Although knowledge cleansing and preprocessing require efforts from the developer, let’s attempt to get a generic sequence of steps that works moderately properly for a easy dataset.

 Immediate: Are you able to give me a generic knowledge cleansing and preprocessing pipeline based mostly on what we’ve finished to date. Get primary data on the dataset, examine for and deal with lacking values, establish categorical columns, and encode categorical columns. Use solely pandas.

And right here it’s:

import pandas as pd

# Load the dataset right into a DataFrame
knowledge = pd.read_csv('knowledge.csv')

# Step 1: Fundamental Information
print(knowledge.data())

# Step 2: Lacking Values
missing_values = knowledge.isnull().sum()
print(missing_values)

# Step 3: Deal with Lacking Values
# Determine columns with lacking values
columns_with_missing_values = missing_values[missing_values > 0].index

# Impute lacking values utilizing fillna() or different appropriate methodology
knowledge[columns_with_missing_values] = knowledge[columns_with_missing_values].fillna(knowledge[columns_with_missing_values].imply())

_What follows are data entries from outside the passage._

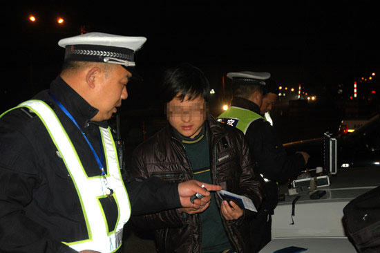 昨天是交通法新规施行首日。今晚,市交警大队在市区范围内突查酒后驾车中,城区中队的民警查获首名酒后驾驶者,司机被处扣12分。截至当晚20:00,市区共查获酒后驾车16例,涉嫌醉酒驾车1例。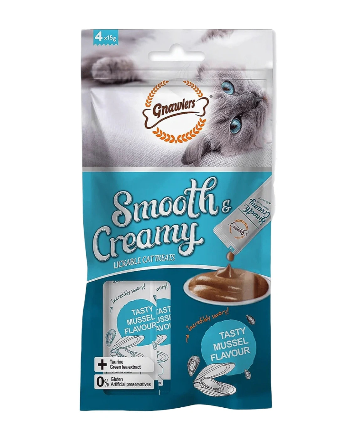 Gnawlers Smooth & Creamy Treats in Mussel Flavour are delicious, ready‑to‑eat lickable treats designed for adult cats aged above 6 months. Featuring a smooth, creamy mousse texture, these treats are crafted with real mussel and tuna, delivering a savory seafood taste that even picky eaters love. Enriched with taurine to support heart and vision health, and green tea extract to aid digestion and dental hygiene, they provide high‑quality protein for strong muscles and a healthy coat. Free from gluten and artificial preservatives, this recipe offers a wholesome daily indulgence.
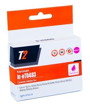 T2 Расходные материалы C13T048340 Картридж IC-ET0483 для Epson Stylus Photo R200 R300 RX500 RX600, пурпурный, с чипом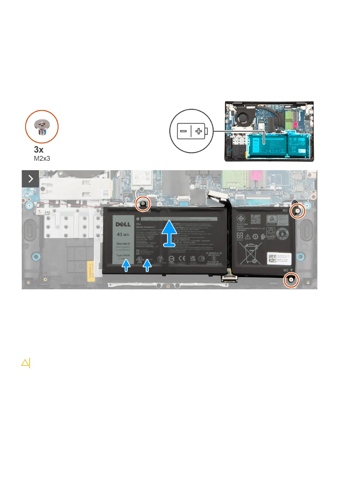 The following image indicates the location of the 3-cell battery and provides a visual representation of the removal procedure.

# Step 4: Get Categorical Columns
categorical_columns = knowledge.select_dtypes(embrace=['object']).columns

# Step 5: Encode Categorical Columns
# Carry out ordinal encoding or one-hot encoding utilizing pandas' get_dummies() operate
encoded_data = pd.get_dummies(knowledge, columns=categorical_columns)

# Print the encoded knowledge
print(encoded_data.head())

As seen, knowledge science experience in synergy with ChatGPT will help make knowledge cleansing and preprocessing less complicated and sooner. Now that you’ve the preprocessed dataset prepared, you possibly can take this additional by constructing a easy predictive mannequin on this financial institution advertising dataset.

If , you may as well discover the way to leverage ChatGPT for data exploration.

The financial institution advertising dataset is licensed underneath a Creative Commons Attribution 4.0 International (CC BY 4.0) license.

Moro,S., Rita,P., and Cortez,P.. (2012). Financial institution Advertising. UCI Machine Studying Repository. https://doi.org/10.24432/C5K306.

  Bala Priya C is a developer and technical author from India. She likes working on the intersection of math, programming, knowledge science, and content material creation. Her areas of curiosity and experience embrace DevOps, knowledge science, and pure language processing. She enjoys studying, writing, coding, and low! Presently, she’s engaged on studying and sharing her information with the developer neighborhood by authoring tutorials, how-to guides, opinion items, and extra.